Proteomics method measures carbon uptake of marine microbes

Oregon State microbiologist Ryan Mueller, senior author on the paper, says the technique illuminates the carbon uptake process at three levels. "It shows how much is being used, by which microbes, and how they're using it to produce new proteins," he says. "It provides information about which organisms are taking up different substrates."

Marine bacterioplankton play a critical role in the carbon cycle. They recycle chemicals and decompose carbon-rich material like dissolved free amino acids (DFAA), which can result from many processes including lysing cells or phytoplankton bloom die-offs. Bacterioplankton process half of the organic carbon fixed by phytoplankton and other microbes through photosynthesis, but not all microbial communities have the same uptake rates. Linking particular taxa to metabolic responses has been an open question in the field for decades.

The researchers tested their new method, called proteomic stable isotopic probing, or proteomic-SIP, on eight seawater samples, including six collected from the ocean at Monterey Bay, California, and two from Newport, Oregon. To those samples they added DFAAs enriched with the isotope carbon-13. Using high-resolution mass spectrometry, they extracted and analyzed proteins from the samples -- half of the samples after 15 hours, and the other half after 32 hours. They used software developed by researchers at Oak Ridge National Laboratory, in Tennessee, to analyze the proteomics data.

Their analysis turned up metabolic patterns for particular taxa. The proteins associated with Rhodobacterales bacteria, for example, showed high levels of newly synthesized peptides enriched with the carbon isotope. In comparison, bacteria from Flavobacteriales and SAR11 communities had much lower enrichment.

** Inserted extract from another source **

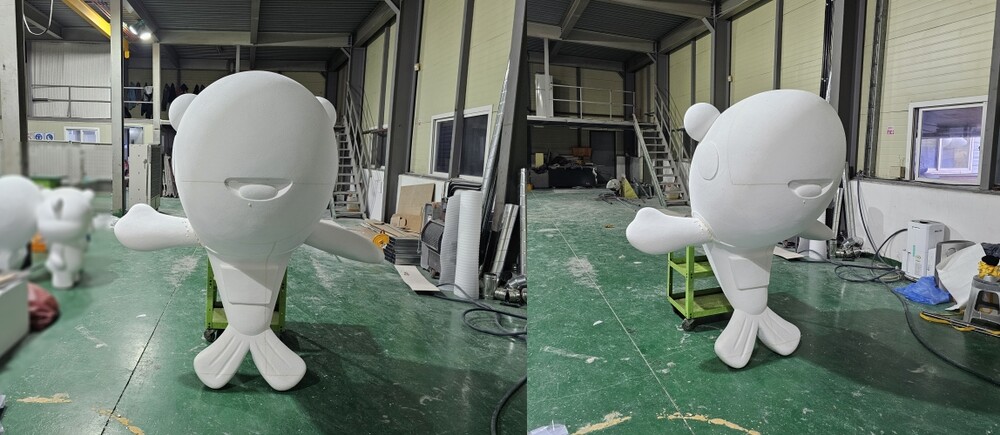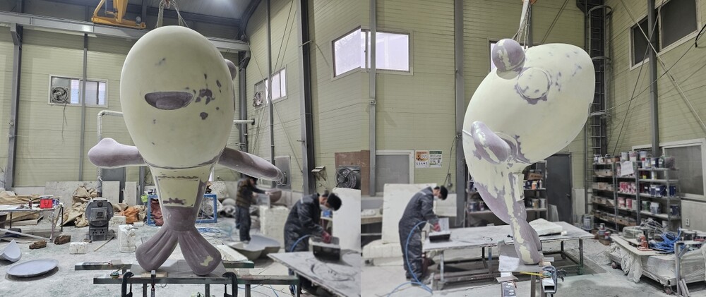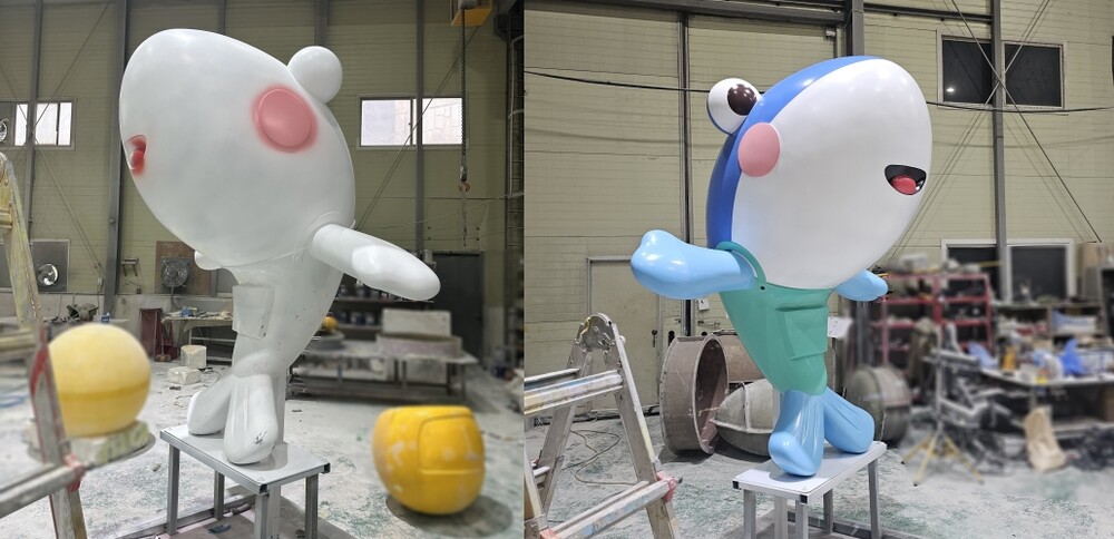 수산시장 조형물 연마 작업 및 결합 작업이 완료가 되면 프라이머를 도포하여 도색 작업을 준비해 주었습니다. 조형물 색상은 사전에 클라이언트와 논의가 되었던 팬톤 색상으로 도색해 주었습니다. 조형물의 눈, 볼, 입 등의 부분은 시트지와 마스킹 작업을 통해 디테일은 높여주었습니다. 도색 작업이 완료된 조형물은 클리어를 도포하여 제작을 마무리해 주었습니다.

In recent years, microbiologists have called on an arsenal of techniques to better understand the role of marine bacterioplankton in the carbon cycle. Previous efforts have used metagenomics, gene expression profiling, or fluorescence in situ hybridization, or FISH. Samuel Bryson, lead author on the new paper, notes that some previous techniques have also used stable isotope probing -- though not at the same level of precision.

"Our main advantage over other SIP techniques is the direct measure of substrate incorporation into proteins," he says.

Although the current experiment uses proteomic-SIP to measure DFAA use, Bryson says it can readily be extended to other materials. He and his team have begun conducting experiments using multiple substrates that the bacterioplankton use, including glucose, lipids, and whole proteins. Mueller says their strategy was to start simple -- with amino acids -- and run more difficult experiments over time.

"In that way we're going to a more realistic type of environment," he says.